Ten aanzien van het rayon heeft het Hof gesteld dat – hoewel een Rayon van wezenlijk belang is – niet zonder meer in beton gegoten is en het begrijpelijk is dat  een franchisegever zich contractueel het recht heeft voorbehouden om wanneer door gewijzigde omstandigheden (gewijzigde marktomstandigheden, wijziging van bevolking, gewijzigde verkeersomstandigheden) de kwaliteit van producten onder druk is komen te staan, wijzigingen aan te brengen in het bezorg- en servicegebied van de franchisenemer. Het gebied waarin de franchisenemer is toegestaan aan klanten te bezorgen, kan daardoor kleiner worden dan het beschermd Rayon.

Het Hof overweegt dat franchisegever sinds 2014 haar standaardfranchiseovereenkomst had aangepast, waarin een aanpassingsmogelijkheid van het beschermd Rayon (alsmede de voorwaarden waarbij dit mogelijk zou zijn) contractueel is vastgelegd.

Aangezien de franchise (het recht om volgens de franchiseovereenkomst van de know how en het merk van franchisegever gebruik te maken) is gekoppeld aan een Rayon, staat daarmee volgens het Hof niet vast dat (de economische betekenis of waarde van) het Rayon zonder meer hetzelfde blijft.

Het Hof overweegt dat een recht op verlenging met zich meebrengt dat franchisegever de voorwaarden in lijn kan brengen met hetgeen bij haar inmiddels gebruikelijk is, waarbij het Hof verwijst naar de contractbepaling waarin voornoemd wijzigingsrecht van de franchisegever is bepaald.

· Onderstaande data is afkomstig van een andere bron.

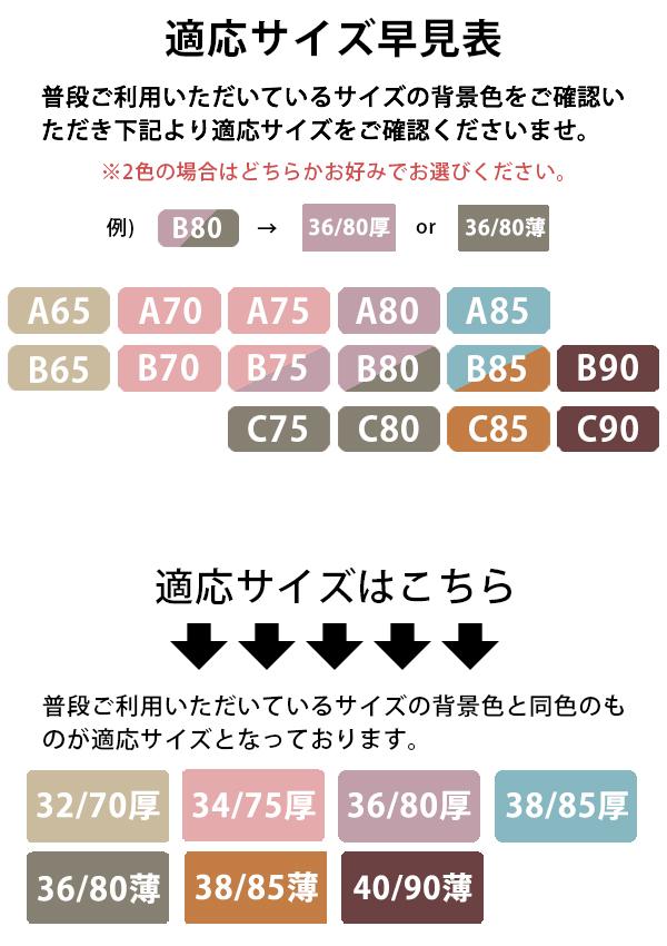 32/70AB厚(A65,B65対応) 34/75AB厚(A70,B70,A75,B75対応) 36/80AB厚(B75,A80,B80対応) 38/85AB厚(A85,B85対応) 36/80C薄(C75,B80,C80対応) 38/85C薄(B85,C85対応) 40/90C薄(B90,C90対応) |

Aangezien franchisegever voorts contractueel had vastgelegd dat bij verlenging van de franchiseovereenkomst ‘de alsdan geldende overeenkomst’ wordt aangeboden ter ondertekening en zij zich het recht tot wijziging van het Rayon had voorbehouden, kon zij van dit recht tot wijziging van het beschermd Rayon gebruik maken. Het Hof overweegt daarbij dat door aanpassing van de grenzen van het Rayon overeenkomstig de nieuwe standaard franchiseovereenkomst het Rayon niet zodanig van identiteit verandert dat niet meer gesproken zou kunnen worden van een verlenging van de Franchise zoals die in het oorspronkelijk contract was gegeven.

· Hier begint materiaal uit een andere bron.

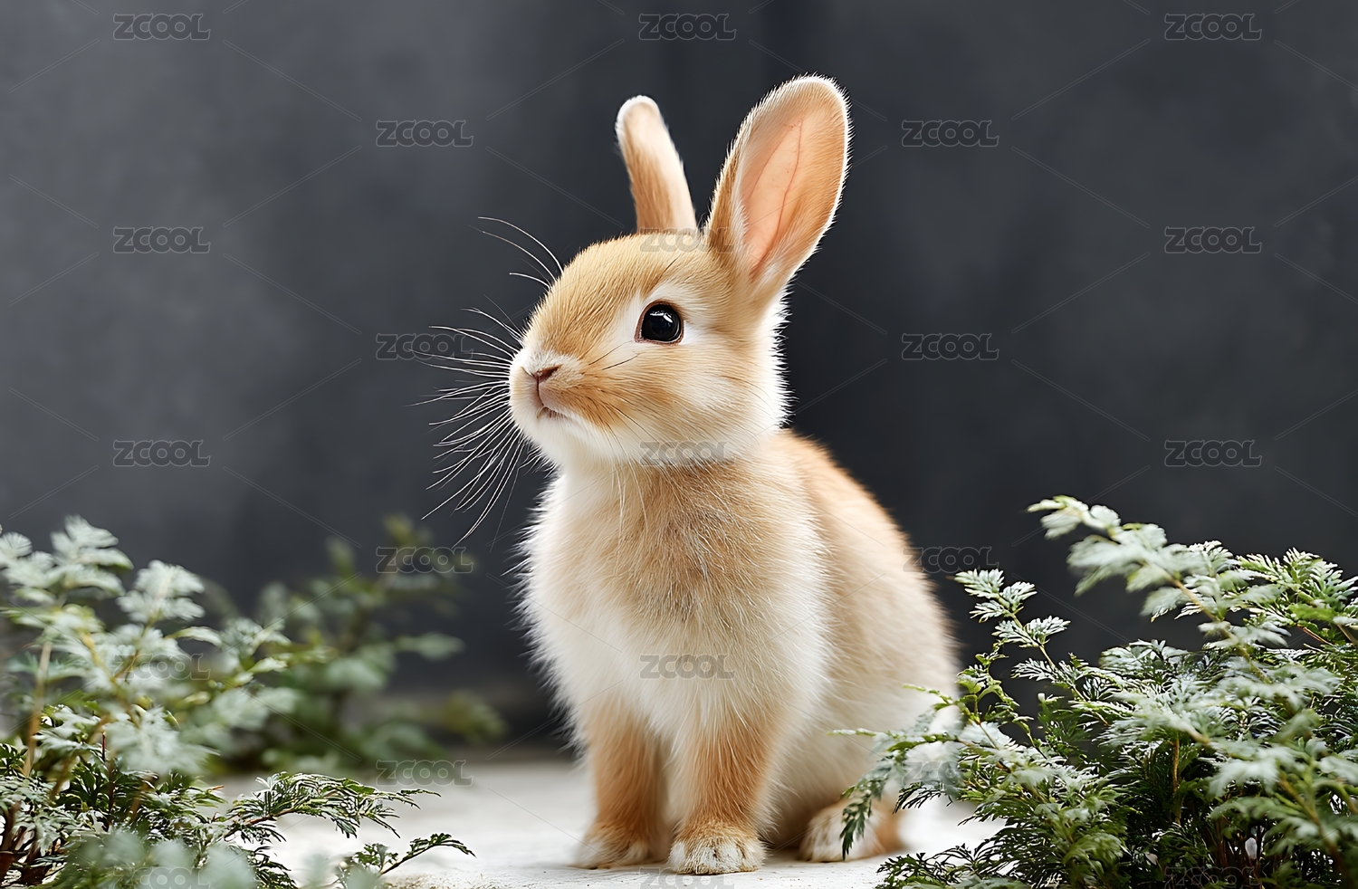 白兔萌态特写灰底照

Als gevolg van de lange duur van de standaard franchiseovereenkomst (in casu 10 jaar) en de verlenging kunnen zich (niet steeds goed voorzienbare) (markt)ontwikkelingen voordoen die franchisegever nopen om haar bedrijfsvoering of formule aan te passen. In verband daarmee zal franchisegever ook zijn rechtsverhouding met zijn franchisenemers daarop moeten kunnen aanpassen. Het door de franchisenemers hiertegenover gesteld belang van investeringszekerheid weegt hier niet tegen op. De door de franchisenemers bepleitte uitleg leidt volgens het Hof ook tot een onaannemelijk resultaat. Een aanpassing/verkleining van een Rayon kan in een concreet geval slechts worden geblokkeerd indien dit naar de maatstaven van redelijkheid en billijkheid onaanvaardbaar zou zijn. Het zal niet eenvoudig zijn voor een franchisenemer om dit in een concreet geval aan te tonen. Zeker niet, aldus het Hof, indien franchisegever van haar wijzigingsbevoegdheid gebruik maakt conform de contractbepaling.

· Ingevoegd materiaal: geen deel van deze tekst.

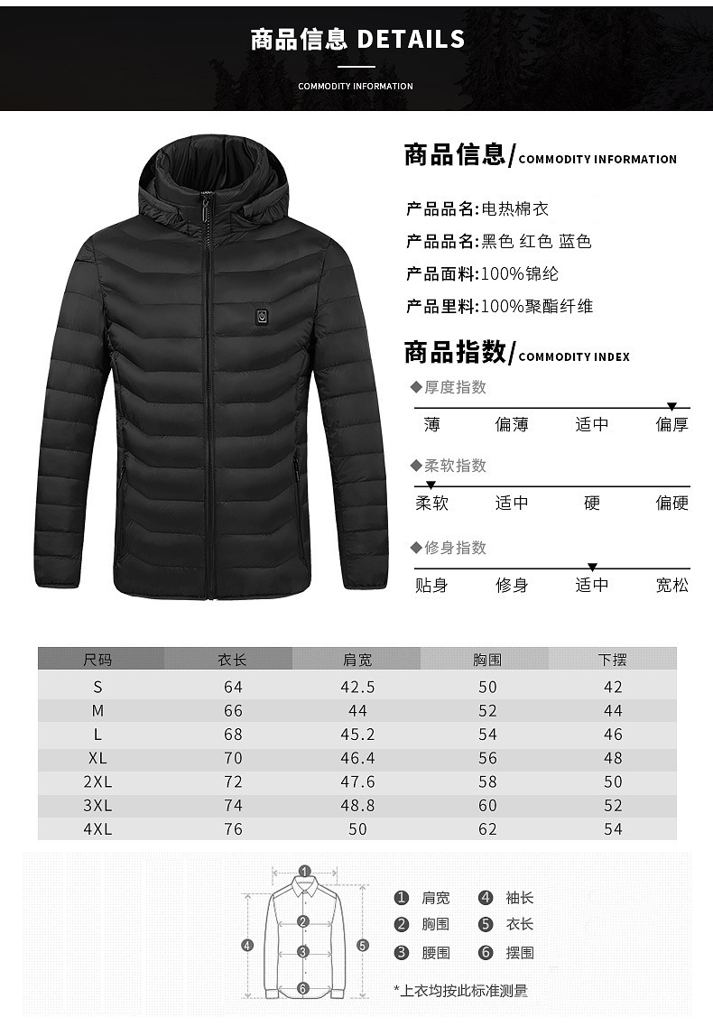 Suministro directo de fábrica transfronteriza ropa de calefacción inteligente calefacción ropa acolchada de algodón calefacción eléctrica térmica al aire libre calefacción inteligente ropa acolchada de algodón

De overige vorderingen van franchisenemers zijn door het Hof ook integraal afgewezen omdat deze te algemeen gesteld waren en onvoldoende onderbouwd om in zijn algemeenheid te beantwoorden.

Concluderend leert dit arrest dat voor de contra-preferentemuitleg binnen franchise geen plaats is en zowel franchisegever als -nemers als professionele partijen worden beschouwd. Dit sluit ook aan bij de aankomende wetgeving waarin de onderzoeksplicht van franchisenemers wettelijk wordt geborgd. Aan franchisenemers wordt dan ook geadviseerd om deze onderzoeksplicht serieus te nemen, omdat contractueel overeengekomen bepalingen niet (meer) kunnen worden tenietgedaan op grond van het consumentenrecht en de verticale verhouding tussen franchisegever en franchisenemer.